Rightsizing AWS Costs: Finding and Fixing Overprovisioned Resources
Most AWS bills have 20–40% waste from overprovisioned EC2 instances, underused RDS, and forgotten resources. This tutorial shows you how to find it systematically and reduce it without impacting reliability.
Before you begin
- AWS account with billing access
- AWS CLI configured
- Basic understanding of EC2 and RDS
AWS bills grow because it's easier to overprovision than to tune. A t3.xlarge "just to be safe" instead of t3.medium doubles the instance cost. An RDS db.r5.large with 10% CPU average is wasting 90% of its compute.
This tutorial gives you a systematic process to find the waste and act on it.
The Four Categories of AWS Waste
- Overprovisioned resources — right type, wrong size (most common)
- Unused resources — running but doing nothing (snapshots, idle EBS, stopped instances)

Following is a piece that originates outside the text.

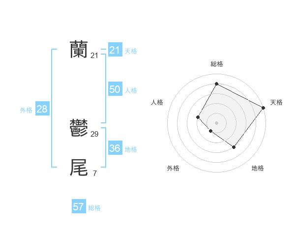 蘭 鬱尾さんの総格は57画の4点!

- Wrong purchase type — On-Demand when Reserved or Spot would be cheaper
- Wrong storage class — S3 Standard for cold data, gp2 instead of gp3
Step 1: Get the High-Level Picture with Cost Explorer
In the AWS Console → Cost Management → Cost Explorer:
- Set date range to last 3 months
- Group by Service — see what's driving the bill
- Group by Usage Type — see EC2 instances, data transfer, storage separately
- Filter to your top spending service, group by Instance Type
Look for:
- Instance types with low utilisation (Cost Explorer shows rightsizing recommendations)
- Data transfer costs (often hidden, can be 20% of bill)
- NAT Gateway data processed (usually avoidable)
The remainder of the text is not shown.